I’m looking back almost 3 years as I write this now and I can’t believe that we experienced the Eduardo Avaroa Reserve and Salt flats, the Lares trek and Machu Picchu within the space of a fortnight (two weeks later to be heading to the Galapagos…but that will come later). The variety of landscape and cultures within South America is just stunning and we were glad to have chosen the Lares trek to lead into our Machu Picchu visit. While it doesn’t lead directly to Machu Picchu it’s a stunning route far less travelled by the large tourist groups, passing herds of alpacas and wandering through small adobe villages where pigs and chickens wander about amongst the residents. It was a fantastic way to experience the Quechua (ke-chew-a) culture with not another tourist in sight.

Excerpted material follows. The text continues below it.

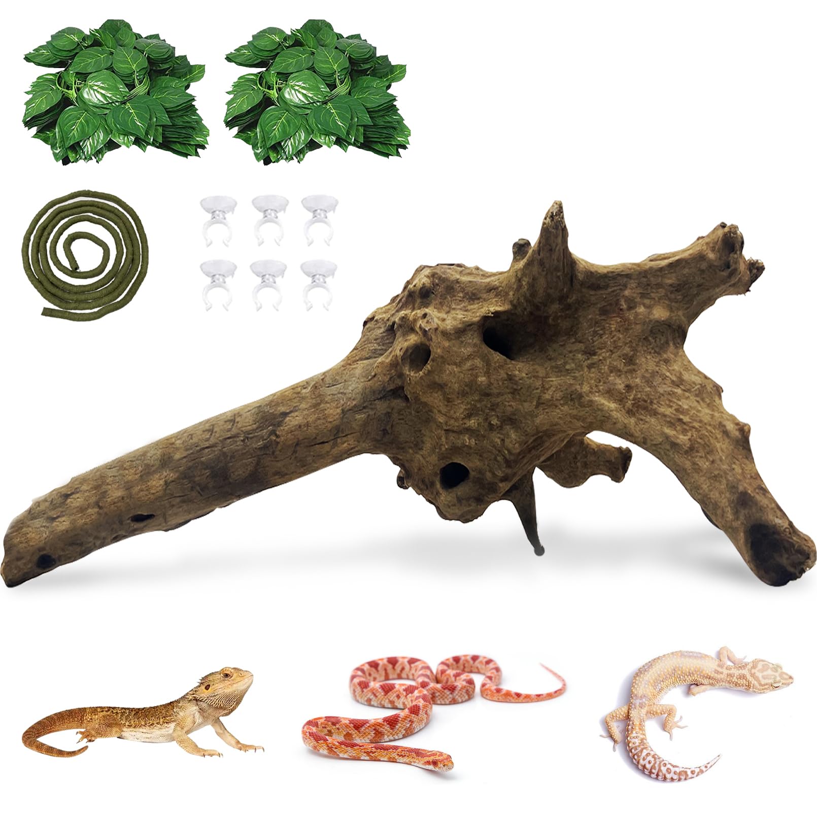 The terrarium wood ranges in size from 11 inches to 16 inches and fits reptile crates of 20 gallons or more. This size provides enough space for reptiles to move around, allowing them to climb and explore freely, enhancing vitality and health.

The first day was pretty relaxed, after the obligatory road block we headed to an outdoor thermal spa and then began our trek walking up through the farmed hillside terraces. By night time we reached a small village where our guides bring packages of fresh bread whenever they pass through. We prepared our tent for the night and emerged to find an entrepreneurial young child had set up a small selection of beers for us to buy (rightly or wrongly we obliged) and then after dinner we helped to serve up a huge vat of hot chocolate to the local children, played some games and shared out some colouring books and pens which mostly ended up being used on each others faces. This was all experienced in the pitch black of night with only a few torches to light the way, we managed a few shots with the flash which captured bemused faces at the light appearing from nowhere. The kids later retreated off in the dark to their homes, no doubt knowing every step of the village like the back of their hands.

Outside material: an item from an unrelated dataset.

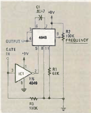 Este circuito com componentes comuns CMOS foi encontrado na revista Radio Electronics de novembro de 1984. O circuito tem a frequência básica determinada por C1.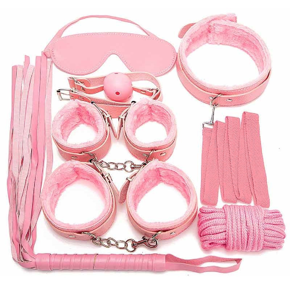 Набор включает в себя: наручники, маску для глаз, бондажную веревку, кляп, поножи, ошейник с поводком и флоггер. Все элементы выполнены в нежном розовом цвете, что добавляет игривости и эстетики. Обратите внимание, что набор не водонепроницаем и не имеет вибрации, что делает его идеальным для сухих игр. Убедитесь, что вы используете набор в безопасной и согласованной обстановке, чтобы ваши игры были не только увлекательными, но и безопасными.

The second day was to be the toughest. Walking for around 8 hours up to 4550m altitude – it’s not a technical climb but the altitude is a killer mentally and physically. A year of traveling had taken its toll on my fitness but this was a shocker – I felt like an 80-a-day smoker and had to force myself to keep going by counting 20 steps at a time. Reaching the summit we could see across the sacred valley, its lagoons & glaciers, and it was beautiful – but also bloody freezing! From here on though everything became much easier as it was all downhill. The evening brought yet another immense meal, we were certainly never going to starve and in fact it was often far too much food but being British we ate so as not to offend. Our chef even managed to bake a birthday cake for Paul’s imminent 30th celebrations. Quite how this was possible in the middle of nowhere with only a gas stove we have no idea!

Our final day involved only a short hike down towards a village where we popped into a chicha house. The ladies were taking a midday break and sampling a large glass of the pungent drink. When told it was Paul’s birthday coming up a glass was offered up as a gift amusingly along with flowers. Chicha is essentially a sour fermented drink often made from maize. One method of production is for women to chew the corn and then spit it out and leave it to brew. Mmm yummy!  We left the chicha house a little squiffy and hopped into a collectivo bus to Ollantaytambo where we managed to catch a local festival before heading by train to the hell that is Aguas Calientes – the neon-touristic gateway to Machu Picchu.